シミって何?、かについて前回でお話ししましたが、幾つかの種類があるためにその原因も様々で、ひとつひとつ話していくととても退屈だと思います。そこで、まず、そのような茶色い色にどうしてなるのか大まかに考えていく事にします。
我々日本人は黄色人種ですから、皮膚は一定以上の刺激(主に紫外線であったり、物理的に強く擦る事であったり、細胞レベルでの障害等)を受けると、なんとかその刺激から守ろうとして茶色く(あるいは黒く)なります。

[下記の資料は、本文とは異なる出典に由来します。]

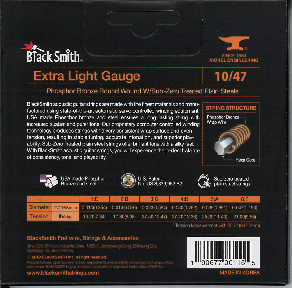 PB-1047 - A BlackSmith Extra Light akusztikus foszfor-bronz húrkészlete, ideális kezdőknek és minden olyan zenésznek, akik a nagyszerű, meleg hangzást, a csilingelő magasakat és maximális húrrugalmasságot kedvelik, könnyű játszhatósággal és magas szintű hangprojekcióval.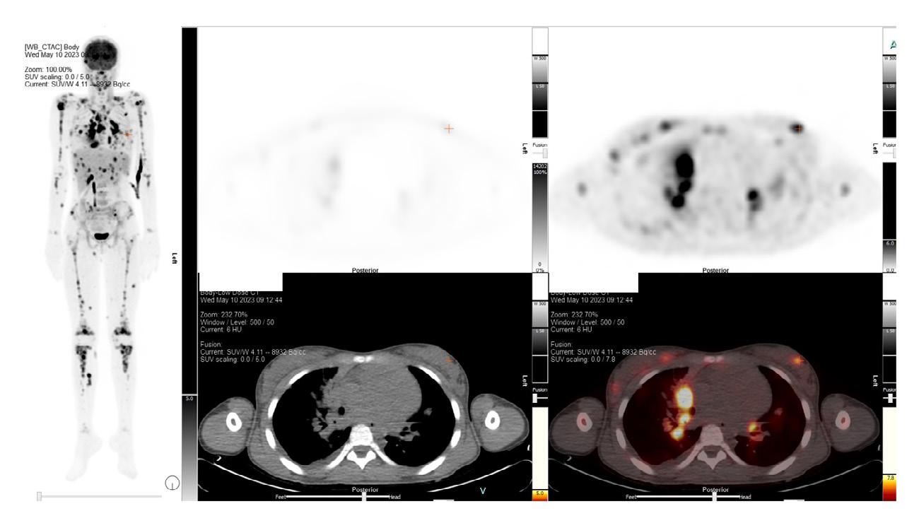 infiltrat pulmonaire très hypermétabolique avec un SUV max à 15,6. On trouve également plusieurs foyers hypercaptants osseux, dont un à la tête humérale droite avec un SUV max à 12,2, des foyers intramusculaires et même une suspicion d’atteinte du muscle orbitaire latéral droit. Il y a présence de foyers cutanés hypercaptants à la région fessière ainsi qu’aux cuisses, mais ces derniers sont plus discrets. Selon notre nucléiste, « Le tout laisse suspecter une atteinte néoplasique leucémique ou lymphomateuse sous-jacente ».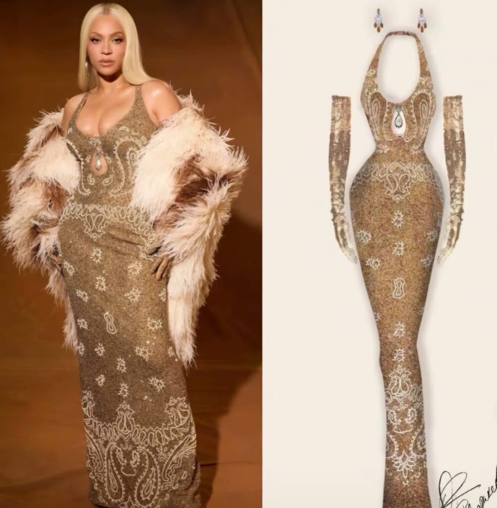 Beyoncé estava brilhando em um vestido personalizado Schiaparelli Haute Couture com miçangas, costurado com um padrão paisley ocidental que lembrava uma bandana. No centro de seu vestido havia um recorte em formato paisley com um detalhe de pérola incrustado de cristal pendurado. Beyoncé usou o vestido com luvas de ópera combinando, brincos de pérola e … Continued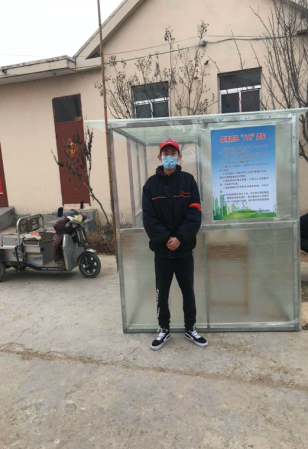 18级机电一体化1班马良才,自从疫情发生他主动参加了家乡日照市莒县果庄镇马家岭村的疫情防控志愿服务工作。他和工作搭档主要负责排查进出村子的车辆情况,同时协助登记好来往人员信息,为每名进出村庄的人员测量体温,每日都会准时到村头督查工作,关心志愿者们的身体健康状况。

皮膚は大きく分けて、表の皮膚(表皮)と本当の皮膚(真皮)から出来ています。表皮はダメージを受けても再生されるのですが、真皮は再生能力に欠けるので、この真皮層まで刺激が及ぼうとすると、何とか守ろうする訳です。表皮の最下層である胚芽層(基底層)に存在する、色を作る能力を持った細胞(メラノサイト)が色素(メラニン)を生成して、なんとか刺激をこの色素に吸収する事で食い止めようとするのです(胚芽層の細胞遺伝子を保護する目的で)。
夏場海水浴で黒くなるのはこのためで、刺激がなくなればこの色素は吸収されてなくなるようになっています。白人の場合は、メラノサイトのメラニンを生成する能力が低いため、紫外線の強い地域では、皮膚へのダメージが大きい事になります。逆に黒人は紫外線などの刺激にめっぽう強いと言う事になります。そのため、大雑把に言うと、白人の皮膚は老けやすく黒人の肌は老けにくいとも言えます。日本人はその意味では、その中間ですので、元来色黒の人は肌が強く、色白の人(羨まれますが)は肌が弱い、シミが出来やすい、と言えます。
肌の色が黒(茶色)くなったりするのは、上記に書いた事が基本中の基本になります。まあるいシミ(老人性色素班,若い方にも出来るので,私はこの名称は嫌いなんですが)は、その部分の皮膚に何らかの障害があって、その部分だけが、何とか紫外線や物理的な刺激から守ろうとしているためにいつまでも茶色くなっている訳です。
遺伝的なものや、ホルモンの関係など実はもっと詳しく、とも思うのですが、また,細胞レベルでの変化(巷よく言われる活性酸素の事など)も大事ではありますが、何のこっちゃ解らなくなっては元も子もなくなりますし,次回以降で書く予定にしている、その対処法(予防)においては、この程度の知識で十分事足りるので,このへんにしておきます。
次回は、具体的なシミの治療法について話していきます。